Department of Sustainable Bioproducts

Abstract

Wood-based panel products (WBPs) are considered highly sustainable due to their carbon neutrality, low embodied energy, and ability to be produced from various low-grade wood species. However, WBPs exhibit limited resistance to biological degradation, which can deteriorate their mechanical performance and shorten their service life. Additionally, WBPs may not be fully compatible with traditional wood preservation chemicals. This dissertation demonstrated a facile method of synthesizing essential oil-based natural preservatives compatible with WBPs. Four essential oils (EOs), namely thymol (THY), trans-cinnamaldehyde (tCN), carvacrol (CRV), and eugenol (EUG), were complexed with beta-cyclodextrin (beta-CD) to form beta-CD-EOs inclusion complexes through a sonochemical process using a high-power ultrasonicator (750W). The sonochemical variables, such as a molar ratio between beta-CD and EO, ultrasonication power, and centrifugation speed and time, were optimized to improve the inclusion yield of EOs in the complex and facilitate the large-scale production of beta-CD-EOs. Attenuated Fourier transform infrared spectroscopy (AT-FTIR) and X-ray diffraction analysis confirmed the formation of inclusion complexes at the different production scales. The inclusion yield of EOs in the complexes was estimated by ultraviolet-visible spectrophotometry (UV-vis) as well as thermogravimetric analysis (TGA), which was capable of differentiating unreacted EOs and loosely encapsulated EO molecules from the estimation of the inclusion yield. Differential scanning calorimetry (DSC) revealed that beta-CD-tCN did not adversely affect the curing properties of polymeric methylene diisocyanate (pMDI) used as a glue for plywood.

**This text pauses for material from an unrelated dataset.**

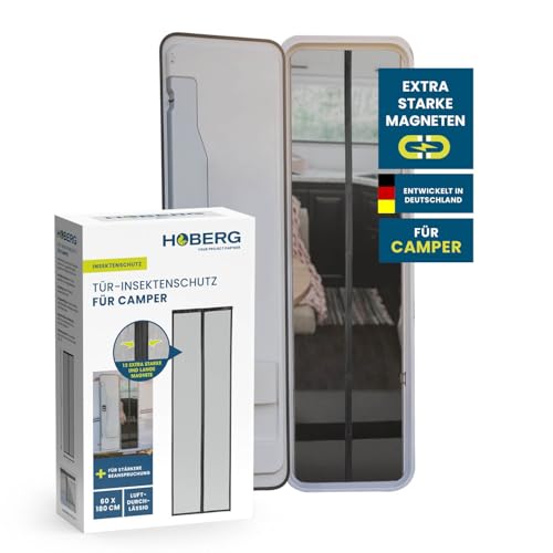 Hoberg Insektsskyddsgardin för campingvagn 60 x 180 cm | insektsnät dörr med XXL-magnetband | insektsskydd dörr för husvagnar | magnetiskt myggnät | självstängande

The influence of beta-CD-tCN addition on the bonding strength of the wood composite was assessed by a lap shear strength test using 3-ply SYP plywood, following ASTM D906-20. Statistical analysis using the Tukey test at p<=0.05 indicated no significant difference between the bonding strength of pMDI and beta-CD-tCN as an additive, indicating that beta-CD-tCN could be successfully implemented in the manufacturing process of wood composite products as natural preservatives.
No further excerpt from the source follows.